弘安三庚辰年、一遍上人、奥州御巡行之砌、前室村庵主、一夜止宿奉願上、念仏御弟子に随心す。依て大上人六字御名号 並に御珠数、前室庵号を拝授し賜う。

 上人一代の経歴を書いた「六条縁起」によれば、弘安二年(一二七九)冬、信州善光寺に詣で佐久郡伴野の里(野沢町)に歳を送り翌三年春、奥州に遊行して下野に入り、小野寺村某家に立寄ったとある。不退寺縁起にいう弘安三年とは、このときであろう。
 上人は、前室に群集する渇仰の善男善女に平日と臨終とを区別せず、念々臨終と覚悟して、称名することをすすめ、南無阿弥陀仏六字の名号の紙札を授けたのである。上人の出立に、結縁の衆は随喜の涙を流し、どこまでもと別れを惜しみ、あとに従ったことであろう。上人は進んで関の明神に詣で、神殿の柱に、
 ゆく人を 禰陀のちかひに もらさじと 名をこそとむれ 白河の関
と書きつけた。また弟子真教は、
 白川の関 路にもなほ ととまらす 心のおくの はてしなけれは
と詠んだ。
 その後九年、遊行二世他阿真教上人、先師の旧跡をたどり、諸国を巡教し永仁二年(一二九四)春、上野より下野にきたり、往年先師に随従した前室庵に、近重の遺子「又市近成」を訪い、遂に一寺を創建した。これが蓮台山九品院不退寺である。と伝えられている一に前座道場ともいう。
 前室庵および不退寺と遊行上人との係り合の深い様、藩の応接の様子など、諸家文書などによって如何に鄭重であったかが、うかがえ知れる。
一、明和八年(一七七一)二月二十六日、遊行某上人巡錫して不退寺に来る。

一、寛政四年(一七九二)二月二十七日、遊行某上人不退寺に巡錫す。三月三日迄五日間留錫、四日黒羽に向う。石林より人夫弐人宛詰めきり、翌朝交替す。出発の時、近郷の人馬を申付く。

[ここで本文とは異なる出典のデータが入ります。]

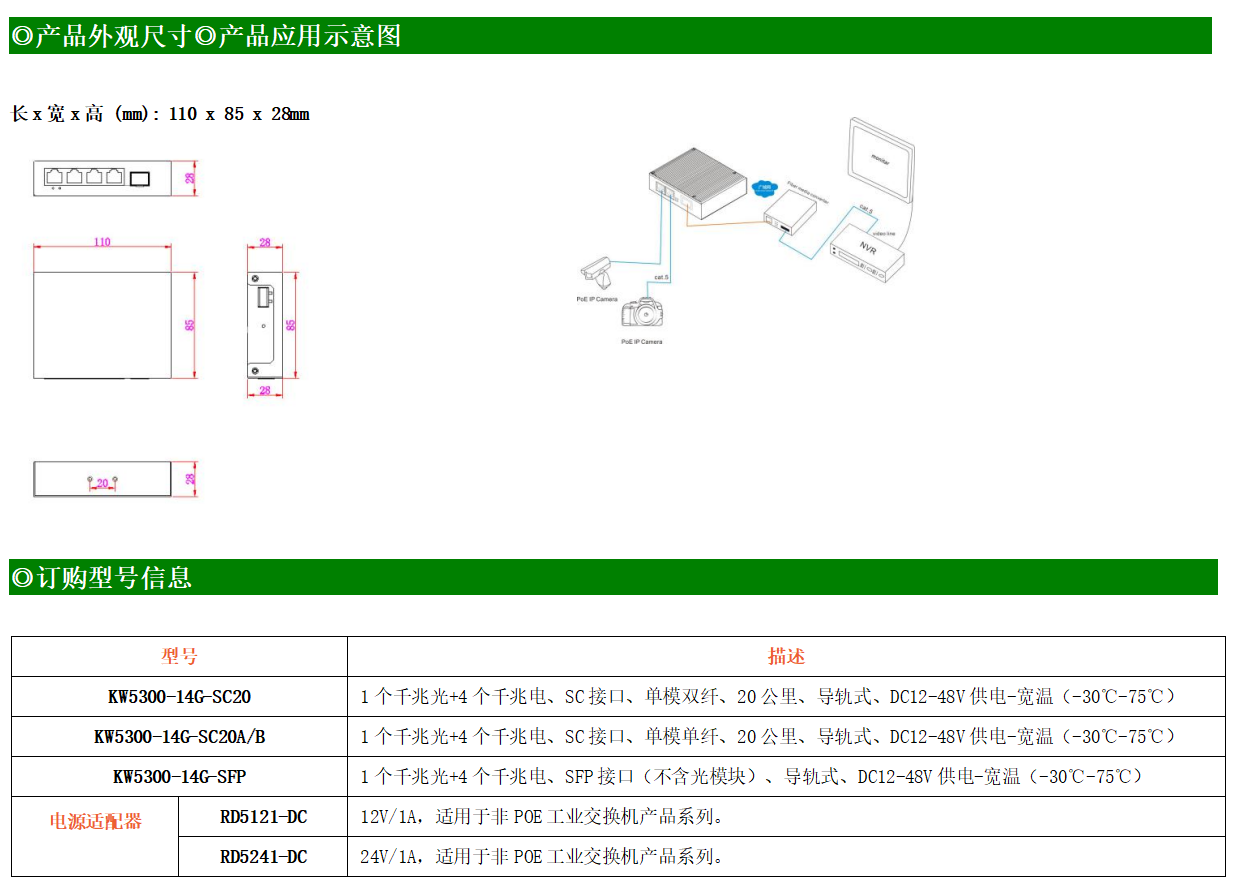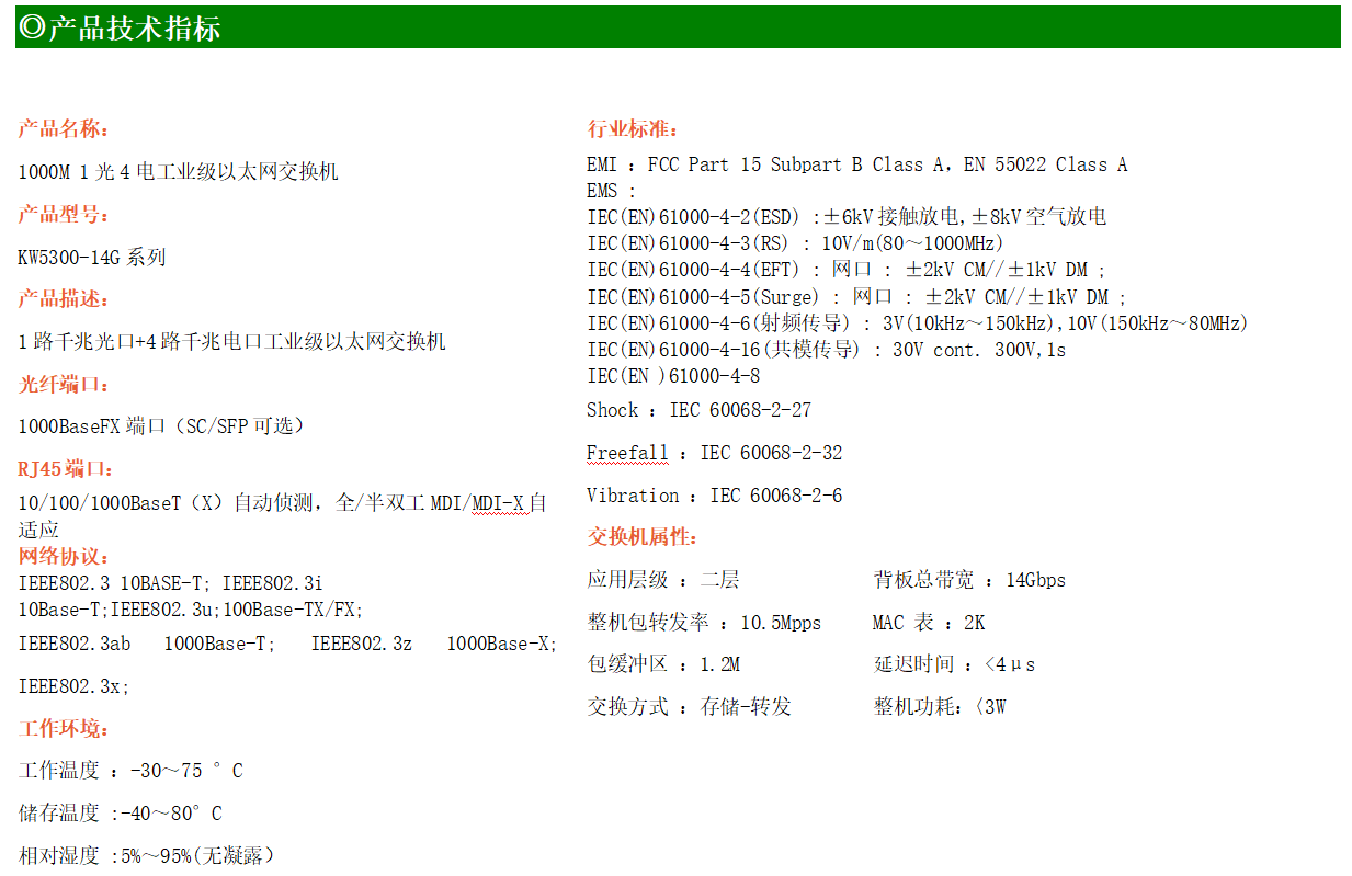 4路千兆電口+1路千兆FX光口工業級以太網交換機,支持4個100Base-T/1000Base-TX電口和1個1000Base-X光口。產品符合FCC、CE、ROHS標準。KW5300-14G系列交換機具有-30℃~75℃的工作溫度,具有超強的堅固度能適應各種嚴苛環境,也可以非常方便的安置在空間緊湊的控制箱中。導軌的安裝特性、寬溫操作及擁有IP40防護等級的外殼及LED指示燈,使AF14G成為一個即插即用的工業級設備,為用戶的以太網設備聯網提供可靠、便捷的解決方案。

一、天保五年(一八三四)八月、遊行第五十六世傾心上人、明年二月中巡錫の通知あり藩御吟味役森彦四郎、御作事奉行人見甚五左衛門、不退寺に臨検して普請の箇所を取り調ぶ(不退寺文書)。

一、天保六年(一八三五)三月二日、遊行傾心上人不退寺に留錫す。八日黒羽に向い発錫すべき処病気にかかり、二十二日迄滞錫す。二十三日黒羽に向う(不退寺文書)。

一、弘化五年(一八四八)九月二十三日、遊行上人不退寺に留錫す。檀頭並檀中惣代、喜連川に出迎う。檀徒一泊を乞いしかは二十五日発錫、檀頭等鍋掛駅に送る。